EXERCISE. Only the lines from the one with "Personenbezogene Daten auf" through the end of the data below belong in the answer, restated word for word, pictures excluded.

_____

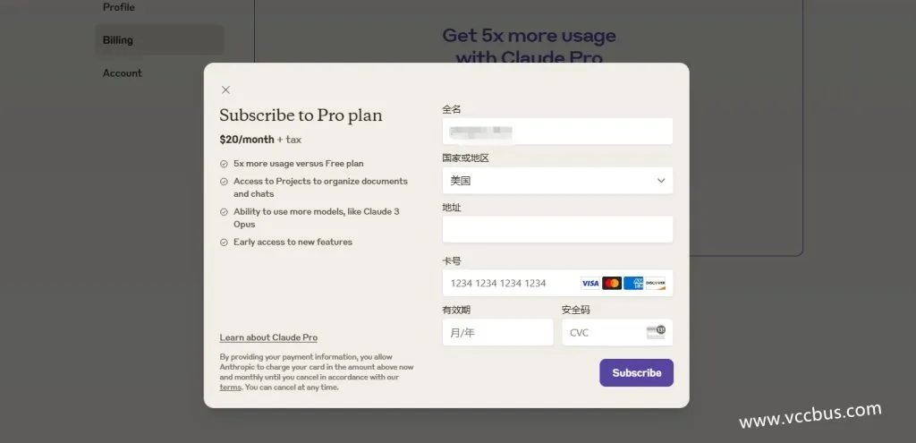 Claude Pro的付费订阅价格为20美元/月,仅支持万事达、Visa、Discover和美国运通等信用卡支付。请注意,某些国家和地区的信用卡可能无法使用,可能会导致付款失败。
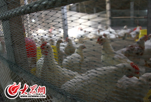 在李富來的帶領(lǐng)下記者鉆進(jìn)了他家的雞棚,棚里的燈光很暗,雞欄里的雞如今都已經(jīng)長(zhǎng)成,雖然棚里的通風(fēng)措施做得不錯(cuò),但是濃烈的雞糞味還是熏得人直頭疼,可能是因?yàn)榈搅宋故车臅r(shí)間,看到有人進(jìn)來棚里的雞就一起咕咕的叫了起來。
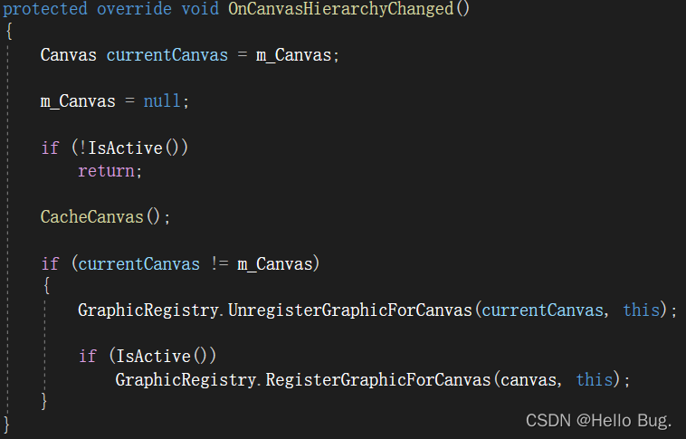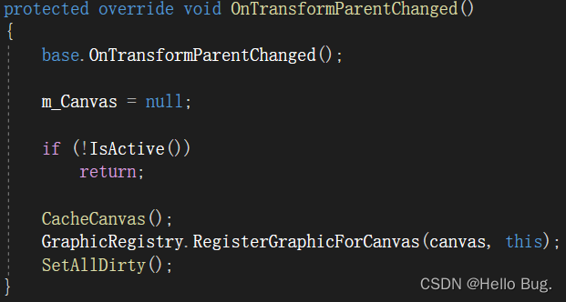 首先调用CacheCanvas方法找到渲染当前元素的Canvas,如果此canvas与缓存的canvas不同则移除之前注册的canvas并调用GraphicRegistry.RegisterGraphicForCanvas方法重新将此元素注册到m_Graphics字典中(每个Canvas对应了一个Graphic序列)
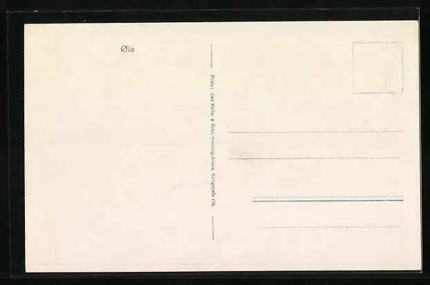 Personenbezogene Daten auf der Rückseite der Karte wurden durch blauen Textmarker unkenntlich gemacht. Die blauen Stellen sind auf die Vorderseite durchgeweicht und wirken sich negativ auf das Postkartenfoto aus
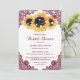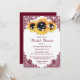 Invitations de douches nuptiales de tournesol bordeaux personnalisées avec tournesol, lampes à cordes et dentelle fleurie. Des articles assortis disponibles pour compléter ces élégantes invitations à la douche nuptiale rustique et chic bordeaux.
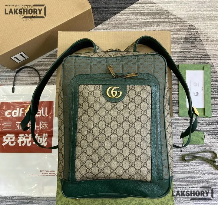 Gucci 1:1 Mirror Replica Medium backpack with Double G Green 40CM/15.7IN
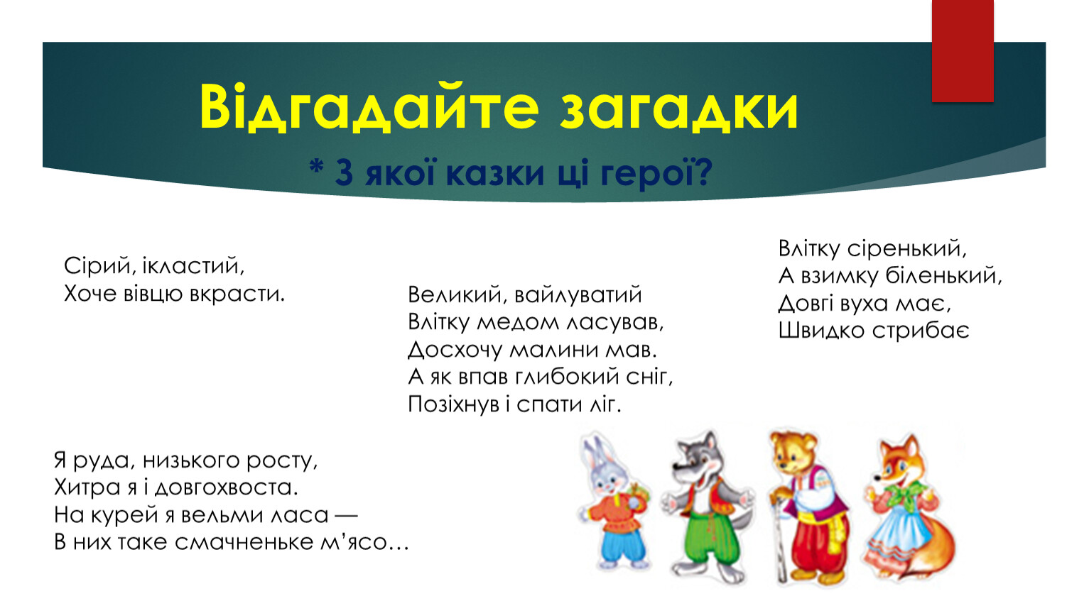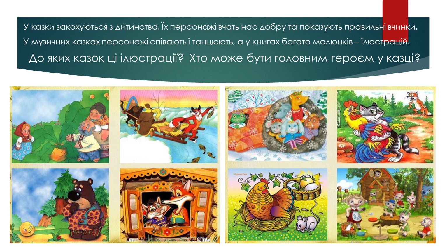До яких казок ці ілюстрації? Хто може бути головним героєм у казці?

_____

RESPONSE AREA.
 Personenbezogene Daten auf der Rückseite der Karte wurden durch blauen Textmarker unkenntlich gemacht. Die blauen Stellen sind auf die Vorderseite durchgeweicht und wirken sich negativ auf das Postkartenfoto aus
 Invitations de douches nuptiales de tournesol bordeaux personnalisées avec tournesol, lampes à cordes et dentelle fleurie. Des articles assortis disponibles pour compléter ces élégantes invitations à la douche nuptiale rustique et chic bordeaux.
 Gucci 1:1 Mirror Replica Medium backpack with Double G Green 40CM/15.7IN
До яких казок ці ілюстрації? Хто може бути головним героєм у казці?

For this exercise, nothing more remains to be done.